Could you retype exactly the lines below between the one holding "수정_ 기하학 패턴 니트" and the one holding "实际的工业推荐系统,如果粗分", inclusive, leaving out any pictures?

── PROVIDED INFORMATION ──

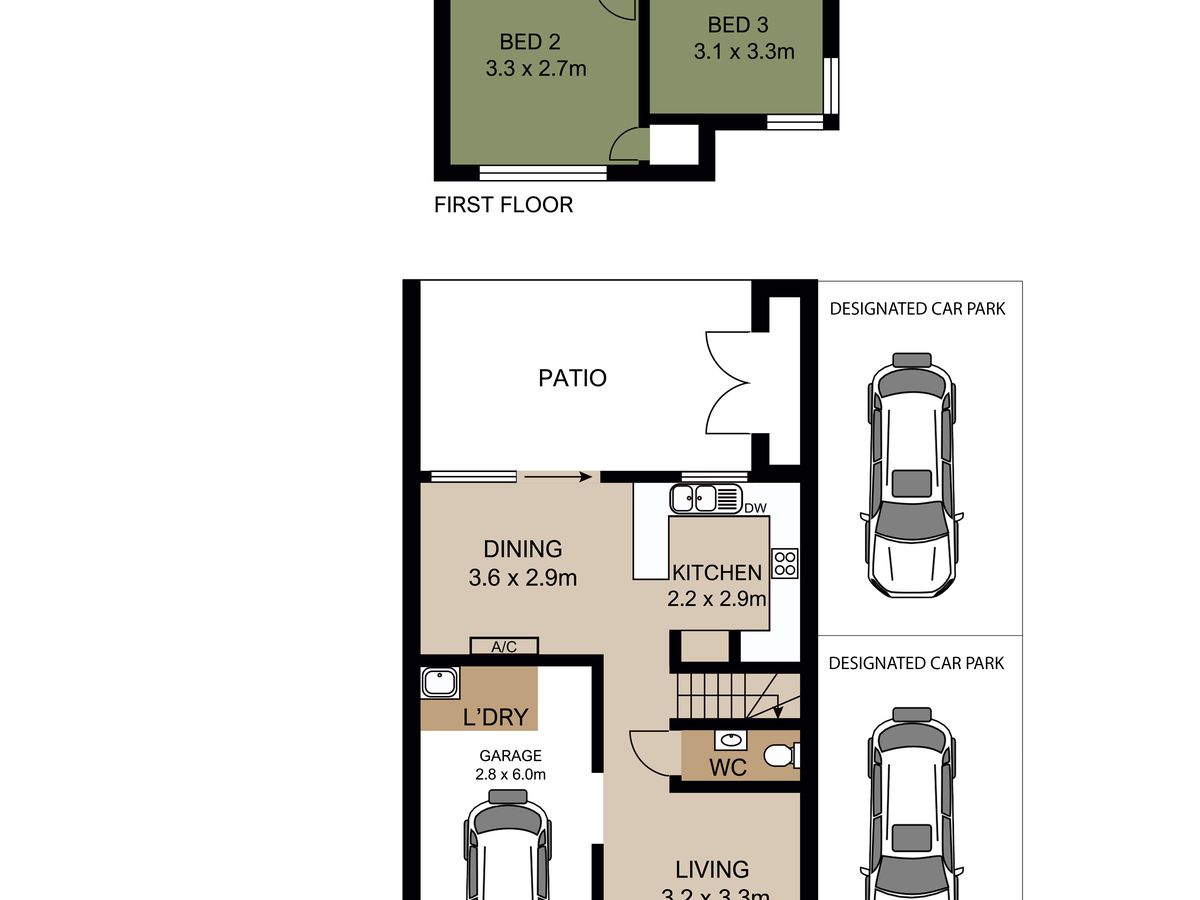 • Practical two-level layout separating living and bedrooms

───
── PROVIDED INFORMATION ──

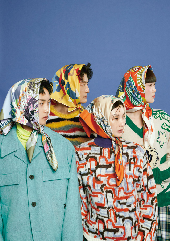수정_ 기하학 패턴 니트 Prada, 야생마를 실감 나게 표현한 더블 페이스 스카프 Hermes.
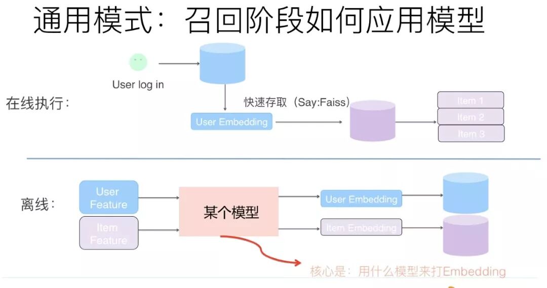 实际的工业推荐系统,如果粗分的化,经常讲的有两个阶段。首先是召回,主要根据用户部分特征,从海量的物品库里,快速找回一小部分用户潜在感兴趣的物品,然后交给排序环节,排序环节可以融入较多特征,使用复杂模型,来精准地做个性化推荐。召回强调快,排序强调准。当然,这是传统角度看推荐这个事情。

───
── PROVIDED INFORMATION ──

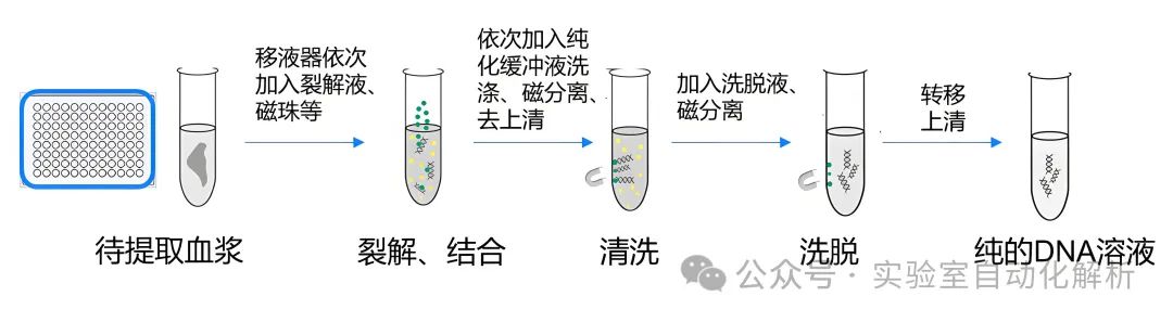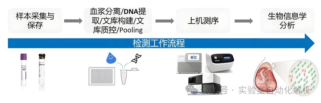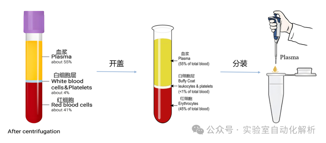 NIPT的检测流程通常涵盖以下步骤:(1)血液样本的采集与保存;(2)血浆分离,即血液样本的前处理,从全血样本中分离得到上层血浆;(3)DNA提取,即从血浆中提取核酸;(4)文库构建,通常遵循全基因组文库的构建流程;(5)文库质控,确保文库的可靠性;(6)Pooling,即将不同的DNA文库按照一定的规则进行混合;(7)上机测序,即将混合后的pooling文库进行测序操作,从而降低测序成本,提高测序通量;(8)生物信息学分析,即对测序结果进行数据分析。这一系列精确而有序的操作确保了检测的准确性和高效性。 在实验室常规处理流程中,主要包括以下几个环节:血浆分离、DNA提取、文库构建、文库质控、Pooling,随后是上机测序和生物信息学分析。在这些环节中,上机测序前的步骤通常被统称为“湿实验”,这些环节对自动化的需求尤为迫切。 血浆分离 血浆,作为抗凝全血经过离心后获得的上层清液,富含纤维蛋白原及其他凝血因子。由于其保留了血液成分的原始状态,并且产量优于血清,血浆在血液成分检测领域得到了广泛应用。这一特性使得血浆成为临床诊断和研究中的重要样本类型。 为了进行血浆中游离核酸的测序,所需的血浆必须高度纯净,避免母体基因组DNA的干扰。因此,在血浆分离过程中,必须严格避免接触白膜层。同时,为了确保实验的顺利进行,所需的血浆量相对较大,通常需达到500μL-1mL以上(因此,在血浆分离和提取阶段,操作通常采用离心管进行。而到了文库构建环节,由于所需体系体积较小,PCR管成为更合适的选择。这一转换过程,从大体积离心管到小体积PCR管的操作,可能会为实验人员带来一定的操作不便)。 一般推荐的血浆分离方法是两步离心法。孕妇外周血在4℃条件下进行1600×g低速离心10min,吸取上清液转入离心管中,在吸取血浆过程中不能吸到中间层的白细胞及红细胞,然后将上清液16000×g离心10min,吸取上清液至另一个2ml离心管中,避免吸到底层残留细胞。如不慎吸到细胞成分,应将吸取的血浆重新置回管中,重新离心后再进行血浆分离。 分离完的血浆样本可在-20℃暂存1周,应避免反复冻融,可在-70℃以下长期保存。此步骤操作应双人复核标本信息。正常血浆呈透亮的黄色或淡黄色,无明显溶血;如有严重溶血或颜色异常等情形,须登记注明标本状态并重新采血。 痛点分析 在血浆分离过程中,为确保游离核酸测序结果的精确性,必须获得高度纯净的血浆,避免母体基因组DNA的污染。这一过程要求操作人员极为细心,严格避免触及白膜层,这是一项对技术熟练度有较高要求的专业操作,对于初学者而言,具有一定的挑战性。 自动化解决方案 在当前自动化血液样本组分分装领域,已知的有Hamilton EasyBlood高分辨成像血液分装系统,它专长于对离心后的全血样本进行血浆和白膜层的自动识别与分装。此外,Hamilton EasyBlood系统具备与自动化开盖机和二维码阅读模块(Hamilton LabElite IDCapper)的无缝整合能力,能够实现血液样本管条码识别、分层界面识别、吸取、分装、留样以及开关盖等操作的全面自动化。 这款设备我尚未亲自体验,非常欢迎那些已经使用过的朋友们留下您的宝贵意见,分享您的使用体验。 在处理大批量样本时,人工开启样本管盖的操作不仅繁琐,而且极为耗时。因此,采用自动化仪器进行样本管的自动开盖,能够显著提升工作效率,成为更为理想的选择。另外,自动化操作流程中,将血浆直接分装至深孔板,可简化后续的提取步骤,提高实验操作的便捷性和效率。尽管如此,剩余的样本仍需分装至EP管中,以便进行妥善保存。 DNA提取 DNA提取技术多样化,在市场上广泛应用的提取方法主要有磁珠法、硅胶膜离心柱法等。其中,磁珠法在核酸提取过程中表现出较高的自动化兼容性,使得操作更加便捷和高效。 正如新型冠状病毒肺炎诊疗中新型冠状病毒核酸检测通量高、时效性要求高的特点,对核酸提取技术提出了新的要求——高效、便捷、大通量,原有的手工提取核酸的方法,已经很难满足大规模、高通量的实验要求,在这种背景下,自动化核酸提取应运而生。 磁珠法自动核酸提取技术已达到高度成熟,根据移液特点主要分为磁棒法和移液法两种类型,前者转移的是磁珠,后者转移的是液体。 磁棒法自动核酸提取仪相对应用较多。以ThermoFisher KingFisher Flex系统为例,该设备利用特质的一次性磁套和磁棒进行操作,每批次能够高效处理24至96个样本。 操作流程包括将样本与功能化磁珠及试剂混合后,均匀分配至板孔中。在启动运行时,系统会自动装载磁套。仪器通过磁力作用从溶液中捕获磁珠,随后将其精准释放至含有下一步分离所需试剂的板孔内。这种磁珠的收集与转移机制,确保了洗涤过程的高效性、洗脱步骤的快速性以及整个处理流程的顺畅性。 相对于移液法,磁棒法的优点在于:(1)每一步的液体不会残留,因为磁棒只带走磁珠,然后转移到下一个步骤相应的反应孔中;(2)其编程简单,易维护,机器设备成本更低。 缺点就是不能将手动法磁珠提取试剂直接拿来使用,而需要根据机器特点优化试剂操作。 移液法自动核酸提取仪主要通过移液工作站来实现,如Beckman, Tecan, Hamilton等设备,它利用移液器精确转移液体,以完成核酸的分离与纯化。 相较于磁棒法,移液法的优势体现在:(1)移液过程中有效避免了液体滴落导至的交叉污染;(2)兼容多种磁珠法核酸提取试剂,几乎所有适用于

───

RESPONSE:
수정_ 기하학 패턴 니트 Prada, 야생마를 실감 나게 표현한 더블 페이스 스카프 Hermes.
 实际的工业推荐系统,如果粗分的化,经常讲的有两个阶段。首先是召回,主要根据用户部分特征,从海量的物品库里,快速找回一小部分用户潜在感兴趣的物品,然后交给排序环节,排序环节可以融入较多特征,使用复杂模型,来精准地做个性化推荐。召回强调快,排序强调准。当然,这是传统角度看推荐这个事情。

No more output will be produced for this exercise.